Budget Transparency Remains Flat
One of the critical cultural shifts over the past five years applies to spending. Fifty-seven percent of participants in this year’s study were able to quantify how much their organization spends on e-discovery per year. For most, it was between $5 million and $10 million annually, but it ran as high as $30 million per year for several respondents. The 57 percent of participants with budget transparency is fairly consistent with the 60 percent of those who responded in 2012 and is materially higher than the 42 percent who reported in 2011, the 40 percent in 2010 and the 34 percent in 2009. Almost half, however, still are unsure of their company’s spending, and of those who could provide figures, few could offer an exact amount.

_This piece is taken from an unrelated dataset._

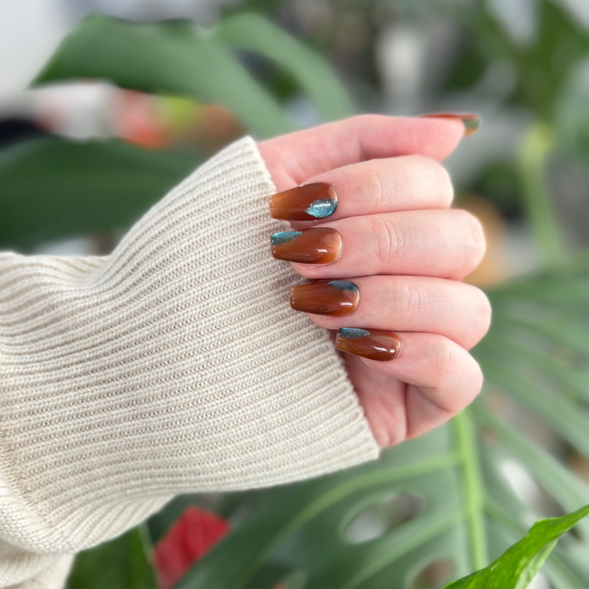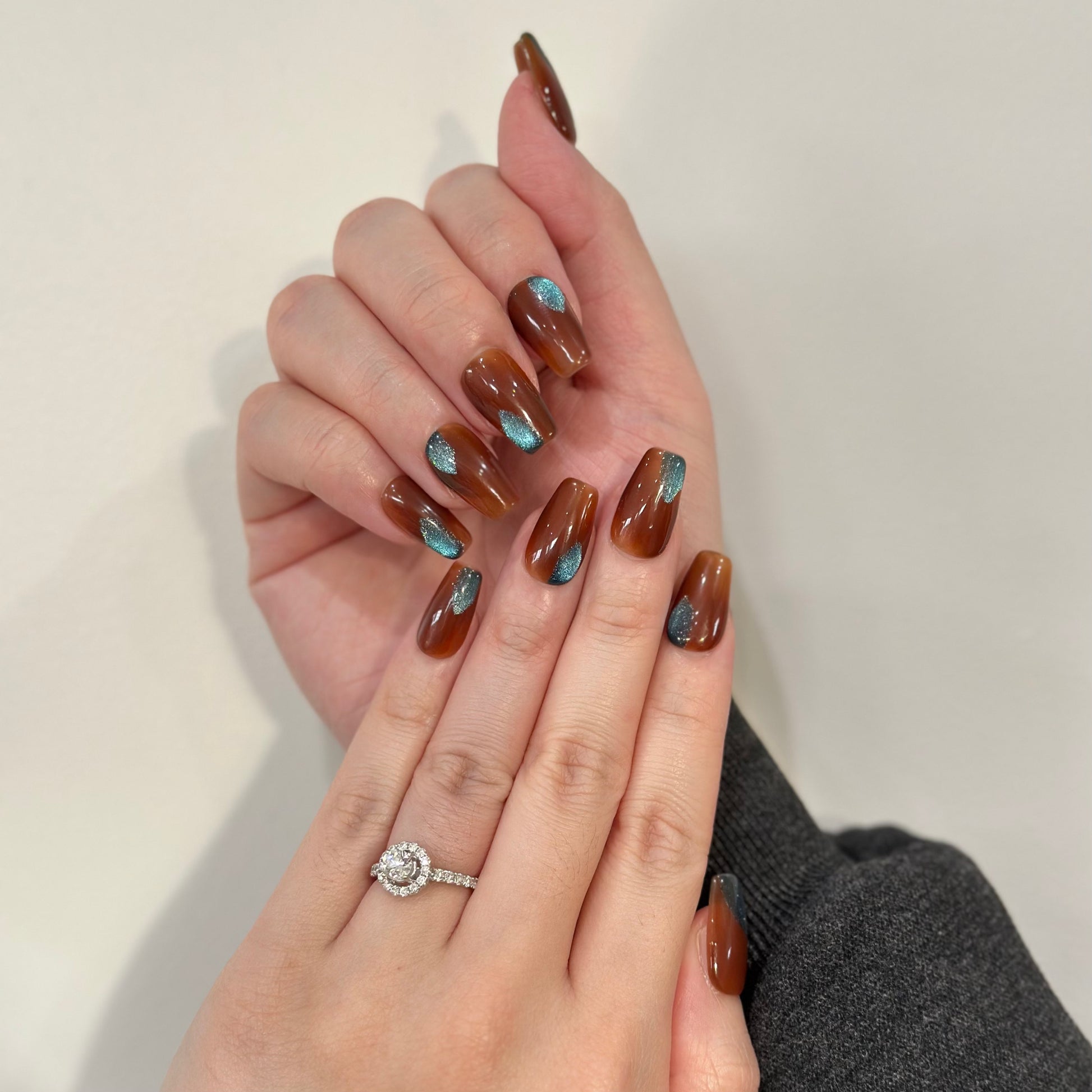 These press - on nails showcase a chic and modern design. They have a rich, glossy brown base that resembles polished amber. Accenting this are patches of shimmering teal with a glittery finish, applied in various shapes—some at the tips, others as diagonal or irregular splotches.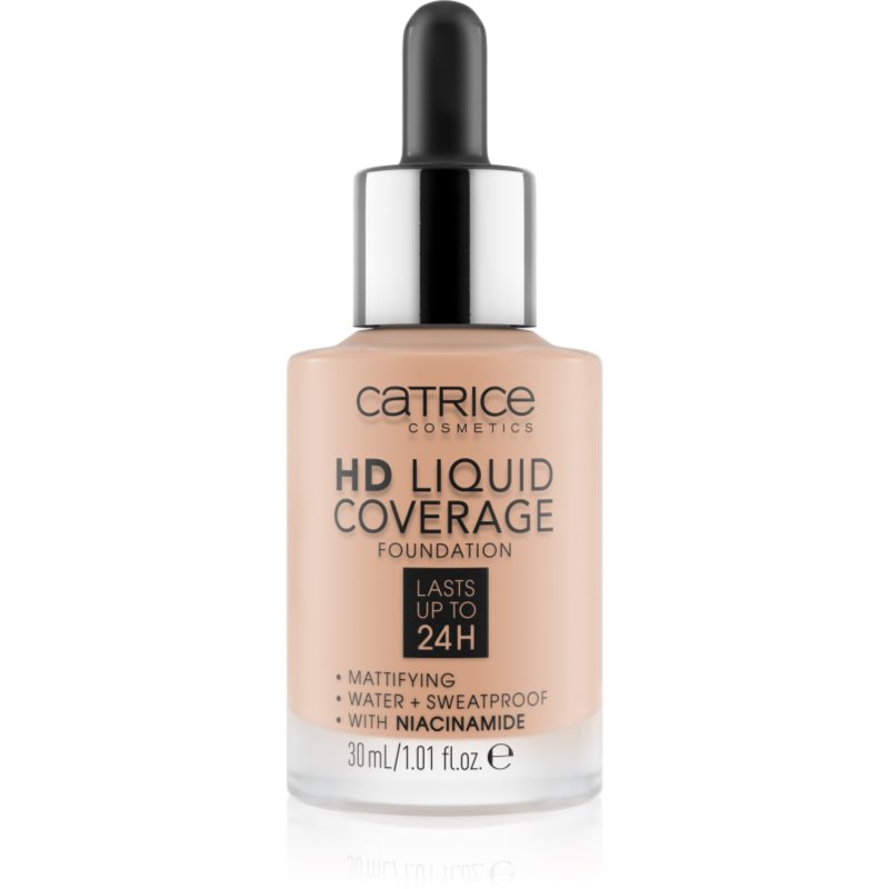 Catrice HD Liquid Coverage, 30 ml, Podkłady dla kobiet, Podstawą każdego makijażu, niezależnie od tego, czy jest to odważny makijaż wieczorowy, czy bardzo naturalny makijaż dzienny, jest nieskazitelna cera. I to właśnie pomoże Ci osiągnąć podkład Catrice HD Liquid Coverage . Idealnie wtopi się w skórę i zapewni perfekcyjne ujednolicenie jej tonacji kolorystycznej. Dzięki swojej sile krycia błyskawicznie zamaskuje drobne niedoskonałości, takie jak przebarwienia, zaczerwienienia czy ślady po trądziku. W mgnieniu oka uzyskasz jednolity kolorystycznie wygląd, który posłuży jako idealna baza pod dalszy makijaż. Właściwości: długotrwały efekt znakomite właściwości kryjące ujednolica koloryt skóry matuje cerę dostosowuje się do karnacji łatwa aplikacja Sposób użycia: Delikatnymi pociągnięciami nakładaj make-up na twarz. Palcami albo gąbeczką czy pędzlem równomiernie i dokładnie rozetrzyj.

A number of participants were unable to provide a complete answer because they lacked knowledge of how much the company disburses on external legal advice. “Outside counsel spending remains a challenge because time entries are not coded for e-discovery,” said one respondent. Another noted, “There is a heightened appreciation that monitoring spending is necessary, and some of the e-billing systems cannot code e-discovery vendors the same way they code task-based work from outside counsel.”
In addition, information technology, in some cases, may be responsible for software licensing costs. The legal team may be unfamiliar with the associated expenditures so determining how much time employees are devoting to such activities becomes a guessing game.
Regardless of their spending, 53 percent of respondents expect costs to increase over the next few years, while the remainder split evenly between costs decreasing and remaining the same.
Generally, “The proliferation of different systems and tools and the expansion of data are forcing higher costs,” said one individual, who essentially summarized many of the responses. “In addition, as companies need to search text messages, mobile devices and remote storage systems, expenses will rise.” Finally, “The lawyers are becoming more sophisticated in fashioning discovery requests, and the courts are not exercising much restraint,” noted one lawyer.
An attorney who expects the costs to decline offered three reasons: “First, new vendors are increasing competition, which is lowering prices; second, there is more willingness to embrace predictive coding; and third, the interest in studying spending trends tends to drive efficiencies and, thus, will lower costs.”